Hi UltimaOnline,
Thank you for your help. :) I have another set of questions to ask
-
Q9.
It has been noted that prolonged exposure of wine to the atmosphere
will result in the wine becoming “vinegary”. Therefore, wineries
attempt to prevent such exposure by storing the wine in a mixture
of carbon dioxide and nitrogen. How does this mixture prevent the
“vinegary” taste from occurring?
1 Oxidation of ethanol into ethanoic acid will be
prevented.
2 The acidity of the wine will be decreased.
3 The amount of carbon dioxide dissolved in the wine will be
increased.
Answer: 1 only
Remarks: I can infer that the vinegary taste arose as a result from
oxidation, but how do I conclusively strike out the other
options?
Q10.
H2NCH2CH2CH2CO2H
Which statements about the above compound are correct?
1 It is a 2-aminocarboxylic acid.
2 It is soluble in water due to zwitterion formation.
3 It migrates to the anode of an electrolytic cell at pH
12.
Answer: 1 and 2.
Remarks: I think the answer should be 2 and 3 instead. Isn’t the
compound a 3-aminocarboxylic acid? Additionally, at pH 12, the
carboxylic acid will react with the base to form a carboxylate ion,
which should migrate to the positive terminal (anode) of the
electrolytic cell.
Q11.
Which reactions yield a carbon compound incorporating deuterium,
D?
1 CH3COCH3
--(NaOD, I2,
D2O)---->
2 CH3CO2CH3
--(NaOD, D2O)
----->
3 CH3CH2CN
--(NaOD, D2O)
------->
Answer: 1 and 2 only.
Remarks: Why would the product in reaction 1 contain deuterium? Are
the products of reaction 1 CH3COO-
and CHI3?
Q12.
SAJC/PRELIM2009/P1/Q23
Which of the following pairs of compounds can be attacked by
cyanide ions via
nucleophilic reactions?
A CH3CH2Cl
and CH3COCH2CH3
B CH3CH2Cl
and CH3COOCH3
C C6H5Cl
and CH3COCH2CH3
D C6H5Cl
and CH3COOCH3
Answer: B
Remarks: I know that C and D are wrong because of chlorobenzene,
but I would have assumed that the ketone in A can be attacked by
cyanide ions nucleophilically as per nucleophilic additions of
carbonyl compounds. However, am I also right to say that the C in
the ester group is also susceptible to nucleophilic attacks as it
is rather δ+?
Q9. Option 2 is wrong because CO2 being an covalent, electrophilic,
acidic oxide, will actually (directly) increase, not decrease the
acidity (of course indirectly, when the acidity is increased as a
result, the bacterial population is consequently reduced, thereby
making the pH overall still less acidic compared to if the bacteria
thrived and oxidized the ethanol to ethanoic acid.
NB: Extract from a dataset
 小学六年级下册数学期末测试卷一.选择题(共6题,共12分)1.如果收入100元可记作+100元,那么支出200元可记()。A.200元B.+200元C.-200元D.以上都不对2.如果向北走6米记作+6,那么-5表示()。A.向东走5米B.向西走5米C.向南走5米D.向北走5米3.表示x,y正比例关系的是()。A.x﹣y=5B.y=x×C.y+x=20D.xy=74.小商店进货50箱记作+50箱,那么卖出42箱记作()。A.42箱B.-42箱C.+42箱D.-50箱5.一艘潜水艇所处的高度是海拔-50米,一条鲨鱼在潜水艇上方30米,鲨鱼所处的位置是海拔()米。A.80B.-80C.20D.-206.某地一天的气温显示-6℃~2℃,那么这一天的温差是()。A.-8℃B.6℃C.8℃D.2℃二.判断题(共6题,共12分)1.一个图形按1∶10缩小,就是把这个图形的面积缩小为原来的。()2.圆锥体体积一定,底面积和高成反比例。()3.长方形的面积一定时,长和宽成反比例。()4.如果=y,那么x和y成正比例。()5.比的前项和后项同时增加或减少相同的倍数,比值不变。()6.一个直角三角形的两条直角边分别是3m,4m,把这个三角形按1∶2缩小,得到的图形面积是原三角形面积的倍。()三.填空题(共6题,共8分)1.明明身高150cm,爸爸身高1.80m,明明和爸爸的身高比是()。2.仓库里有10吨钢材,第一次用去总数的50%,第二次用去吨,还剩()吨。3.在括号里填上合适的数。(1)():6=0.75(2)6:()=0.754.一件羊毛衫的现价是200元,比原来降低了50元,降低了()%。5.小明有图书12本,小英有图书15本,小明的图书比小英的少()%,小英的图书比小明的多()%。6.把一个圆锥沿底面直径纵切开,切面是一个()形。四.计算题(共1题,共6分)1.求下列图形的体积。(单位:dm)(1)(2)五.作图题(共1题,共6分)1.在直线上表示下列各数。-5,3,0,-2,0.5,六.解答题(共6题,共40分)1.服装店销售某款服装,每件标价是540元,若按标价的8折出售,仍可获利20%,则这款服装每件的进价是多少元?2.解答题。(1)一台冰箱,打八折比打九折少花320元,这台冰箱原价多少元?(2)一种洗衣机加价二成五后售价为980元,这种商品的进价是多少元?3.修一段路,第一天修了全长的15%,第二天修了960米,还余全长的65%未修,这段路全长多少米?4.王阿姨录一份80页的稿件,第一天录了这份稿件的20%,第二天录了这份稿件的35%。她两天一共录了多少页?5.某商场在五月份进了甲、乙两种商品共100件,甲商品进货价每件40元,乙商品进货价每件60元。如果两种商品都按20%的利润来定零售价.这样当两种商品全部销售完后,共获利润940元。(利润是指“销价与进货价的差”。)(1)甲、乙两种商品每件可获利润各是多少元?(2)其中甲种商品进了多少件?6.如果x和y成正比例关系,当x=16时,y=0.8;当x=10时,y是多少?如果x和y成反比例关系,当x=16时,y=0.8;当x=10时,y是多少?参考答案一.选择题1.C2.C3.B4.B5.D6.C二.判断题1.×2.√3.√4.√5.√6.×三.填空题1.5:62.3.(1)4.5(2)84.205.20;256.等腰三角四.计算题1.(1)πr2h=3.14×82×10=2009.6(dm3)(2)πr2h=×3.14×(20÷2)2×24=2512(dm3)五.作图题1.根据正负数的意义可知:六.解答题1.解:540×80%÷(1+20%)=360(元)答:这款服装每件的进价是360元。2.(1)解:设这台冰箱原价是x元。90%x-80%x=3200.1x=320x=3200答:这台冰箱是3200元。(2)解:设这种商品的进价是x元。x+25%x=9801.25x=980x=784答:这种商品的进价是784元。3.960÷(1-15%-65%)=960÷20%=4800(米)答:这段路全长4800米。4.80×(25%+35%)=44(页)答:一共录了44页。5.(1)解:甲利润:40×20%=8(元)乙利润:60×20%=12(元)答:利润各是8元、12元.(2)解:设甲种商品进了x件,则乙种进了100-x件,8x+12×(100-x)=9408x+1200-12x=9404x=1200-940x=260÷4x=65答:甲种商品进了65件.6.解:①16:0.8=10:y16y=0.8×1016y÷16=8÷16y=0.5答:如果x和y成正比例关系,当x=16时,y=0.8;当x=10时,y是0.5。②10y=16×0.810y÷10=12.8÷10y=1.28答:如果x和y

But that's
beyond H2 Chem syllabus, and that'll just be a sadistic
"heads-I-win-tails-you-lose" MCQ setup by the examiner). It is the
bacterial oxidation of ethanol to ethanoic acid (in the presence of
atmospheric oxygen), which is really what gives the sour vinegary
taste, rather than dissolving CO2 to generate carbonic(IV) acid
(which is what makes soft drinks fizzy, eg. Coca Cola). Option 3 is
wrong because it's true but irrelevant. As mentioned earlier,
hydrolysis of CO2 will generate carbonic(IV) acid, which increases
the acidity but does not *directly* (sadistic examiners
notwithstanding ; indirectly it's arguable that it does) help to
prevent the oxidation of ethanol to ethanoic acid in presence of
atmospheric oxygen (and it is the ethanoic acid that gives the
vinegary taste). The primary purpose of forcing CO2 and N2 in is to
eliminate O2. Of course, if it were as simple as that, then it'll
be better just to use N2. The CO2 present is additionally meant to
reduce the pH to levels more acidic than that required for bacteria
(which oxidize ethanol to ethanoic acid) to thrive. And it sure
doesn't hurt that the dissolved CO2 or carbonic(IV) acid adds a
nice fizzy touch to the alcoholic beverage.
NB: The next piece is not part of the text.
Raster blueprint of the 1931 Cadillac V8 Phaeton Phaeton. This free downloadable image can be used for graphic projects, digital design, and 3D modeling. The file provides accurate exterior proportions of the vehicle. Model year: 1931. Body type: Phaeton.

Q10. You're correct. Don't trust Singapore JCs.
Q11. In the reaction mechanism for the iodoform reaction, the 1st 3
hydroxide ions function as Bronsted-Lowry bases, while the 4th
hydroxide ion functions as a nucleophile, generating RCOOD and
CI3-. The CI3- then functions as a Bronsted-Lowry base to abstract
a D+ ion from either RCOOD or the solvent D2O. Either is possible,
and since the qn ensured both the hydroxide ions and solvent water
consist of D instead of H, it's not an issue here.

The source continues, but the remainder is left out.